Let's look at an ideal stable ecosystem and an ideal ecosystem moving towards stability.
In an ideal stable ecosystem, all, or nearly all, of the available niches are filled by one species. Each species specializes in that niche and is so specialized that it can not survive outside of that niche. In this situation there will be no speciation (since we are dealing with an ideal situation). Natural selection will be pushing each species towards stability and away from change because every other possible "job" is already being done by another species and they are doing it better than your species could with just one generation of mutation. There are no ideal stable ecosystems, so this is a hypothetical situation. However, there are ecosystems that have been closestable for quite a long time and this is what we see.
In an ideal developing ecosystem, you start with two species. One is a prey species and the other is a predator species. This could be an herbivore/plant relationship or a carnivore/prey relationship. In this situation there are a lot of possibilities for change. There are empty niches all over the place. Plants will grow larger to prevent over grazing while other plants will grow smaller so that the fit into little cracks to avoid grazing. Prey species will either grow larger or get faster. I think you get the idea.
So in your model you also have to calculate the relative stability of the ecosystem. You could hypothetically calculate the maximum rate of speciation which would be tied in with the mutation rate and using the model of an initial two species ecosystem.
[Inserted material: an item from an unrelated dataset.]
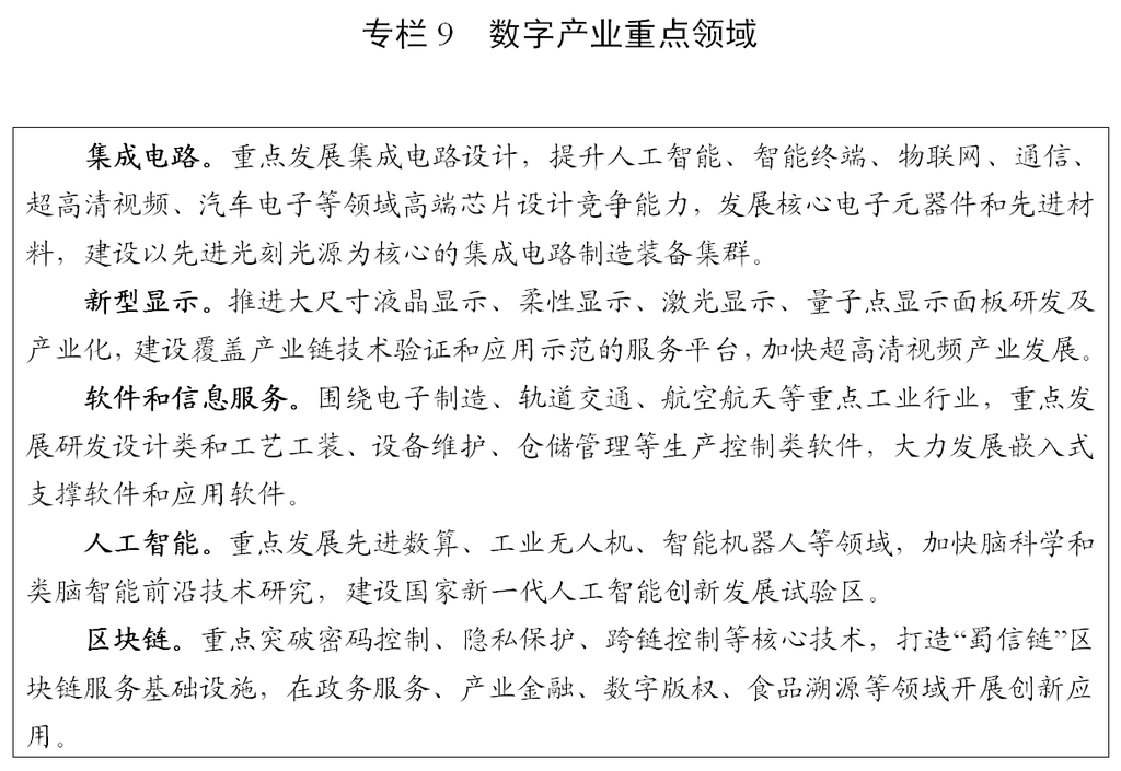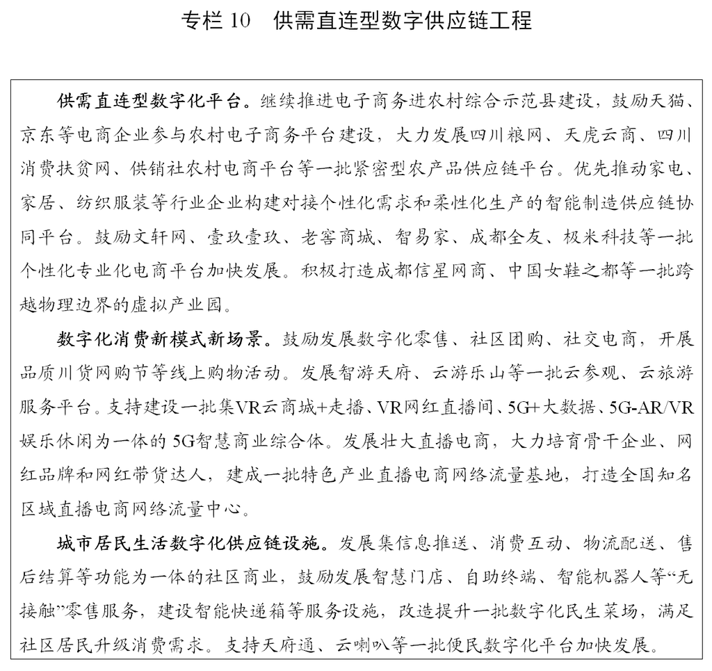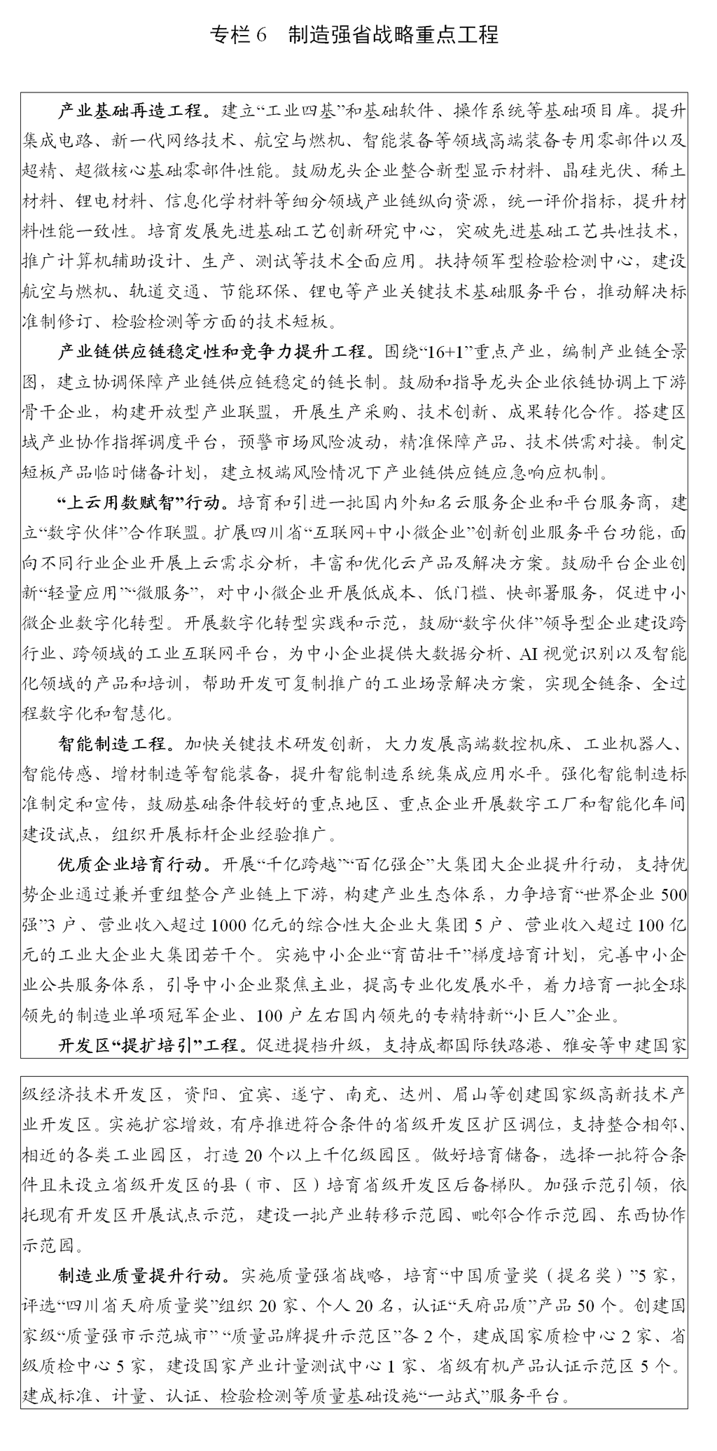 推动出版发行、广播影视、演艺文博、创意设计、文化装备等传统文化产业转型升级,加快发展网络视听、高新视频、电子竞技等新兴业态。实施省属国有文化企业振兴计划、市(州)骨干文化企业培育计划、重点民营文化企业扶持计划,开展文化产业领军企业培育工程。打造国家文化和科技融合示范基地、国家广播电视和网络视听产业基地,推动彩灯展览、川版图书、动漫游戏、曲艺影视等文化出口提质增量。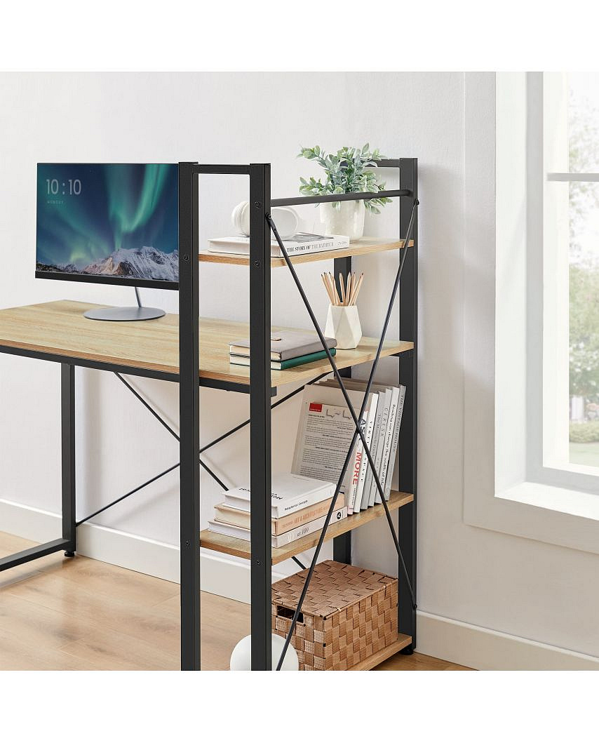 The desk is stable, so we can easily place everything we need for work or study on it - a computer, monitor, speaker set or laptop, printer, desk lamp, books and notebooks. There is room on the shelves for, for example, potted flowers, books or other small items.

quote:Once the species reaches a certain level, it would become extremely resistant to additional speciation because the baseline genes (for lack of a better phrase) would keep the overall species characteristics near the mean.
The phrase that is often used is "fitness peak". This is an analogy that works quite well for this discussion.
Think of adaption as an uphill walk towards a peak which represents specialization. Each niche is then a peak with valleys between each of the niches. For a species to move into another niche it must go "downhill" (become less specialized), cross the valley, and then climb the next fitness peak. What happens in stable ecosystems is that the valleys become extremely deep. So deep that species are not able to make the traverse to the next peak. In a developing ecosystem the species are not very far up their fitness peaks. They are in the valleys and each path up each peak is a path of speciation.
You must also remember that the mutation rate is the same for every species regardless of the stability of the ecosystem. In a stable ecosystem, beneficial mutations are rare because the species are all well adapted. Therefore, neutral mutations will be selected for in a stable ecosystem. In a developing ecosystem there are many possible beneficial mutations most of which will be selected for.
quote: think this would be a sort of punctuated equilibrium argument, no?
Yeah, in a general sense. You will observe stasis in a stable ecosystem and punctuated evolution in developing ecosystems.